>I’ve recently taken up screencasting to aid in my teaching. I started with a fully online class I taught last fall and I’m planning to do a lot more of it in an in-person class this spring.
I use free software on windows machines (Camstudio) that can record a portion of screen while also recording your voice. It saves the movie as an .avi file (ugh) but then I upload it to google video and they turn it into a flash movie (just like youtube). A few cool things about how I’m using it:
- You can set the software to have the region being recorded follow your mouse around.
- You can highlight your mouse so it’s easier to see.
- Google Video does not have a limit on either file size or total number of files uploaded
- Google Video has a desktop uploader so you can upload a bunch at a time
- Google Video allows you to set the movie as private so only those you give the address to can see it.
In this post I’ll talk about how I used it in the fully online class and in a future post I’ll talk about how I plan to use it for an in-person class.
In my online class I set up groups that work on hints for the rest of the class on single homework problems. I provide for them the solution to that problem and a screencast of the solution. I simply pull up the pdf scanned copy of the solution and record my voice describing the calculations while pointing at the appropriate sketch/equation/description. The students tell me that they learn much more from that than simply reading the solution as sometimes I’m a little terse with my descriptions and often I skip (trivial?) algebraic steps.

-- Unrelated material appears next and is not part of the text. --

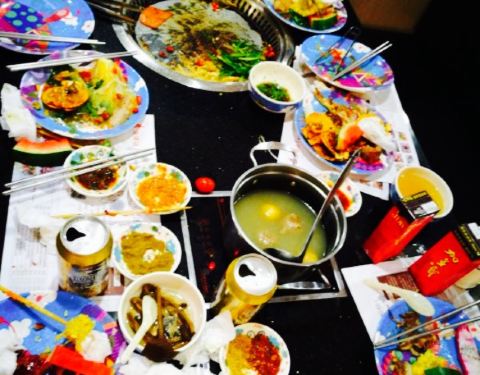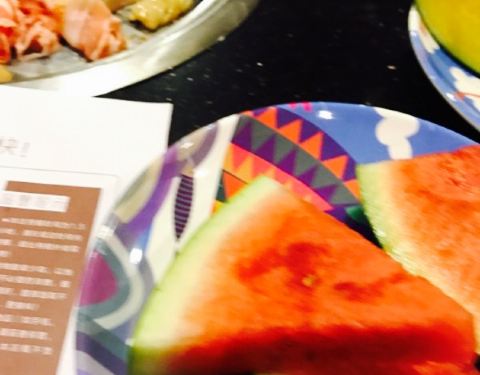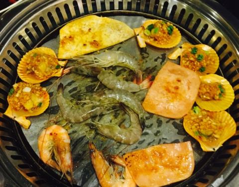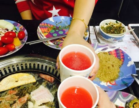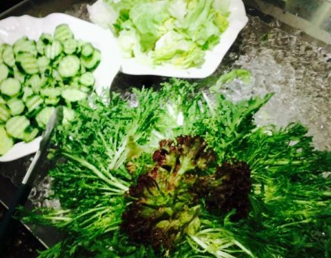也许因为是刚开业的缘故吧,人实在好多,如果高峰期肯定要排队的。但是这家自助餐厅的菜品的确很丰富,而且特色是可以同时ENJOY烤肉和火锅。熟菜也很入味,有菜心,鸡腿,意粉,西兰花等等。喜欢有用芒果的寿司,可是出寿司的速度比较慢,常常一堆人在那边盯着边等,有些无语。海鲜很少,没看到虾蟹,出了点扇贝都处于疯抢状态,没有参与这场大战了。最喜欢鲜榨果汁了,第一次见提供鲜榨果汁的自助餐厅,芒果汁很好喝。
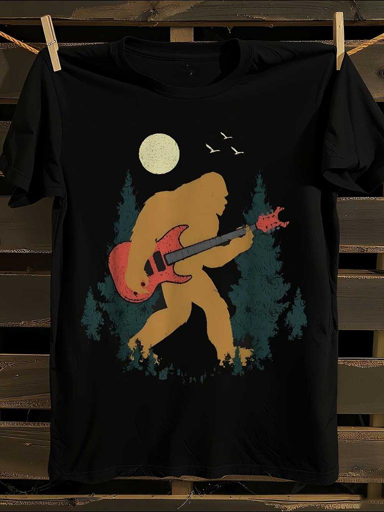 Sasquatch Guitar T-Shirt Mens Tshirt Womens Tshirts with Letters Print Short Sleeves T-Shirt Casual Street Tee Shirt Top

Each week we cover a chapter in the text. Before the week starts I type up my notes on what I call a Daily outline (here’s an example). That system allows me to easily typeset equations, put in Mathematica calculations (that are adjustable on the fly!) and link to any animations I’ve made. I also put in links to other cool descriptions. Then I make a screencast of the page (see below for that same example) where I can fill in the details and walk the students through any external links.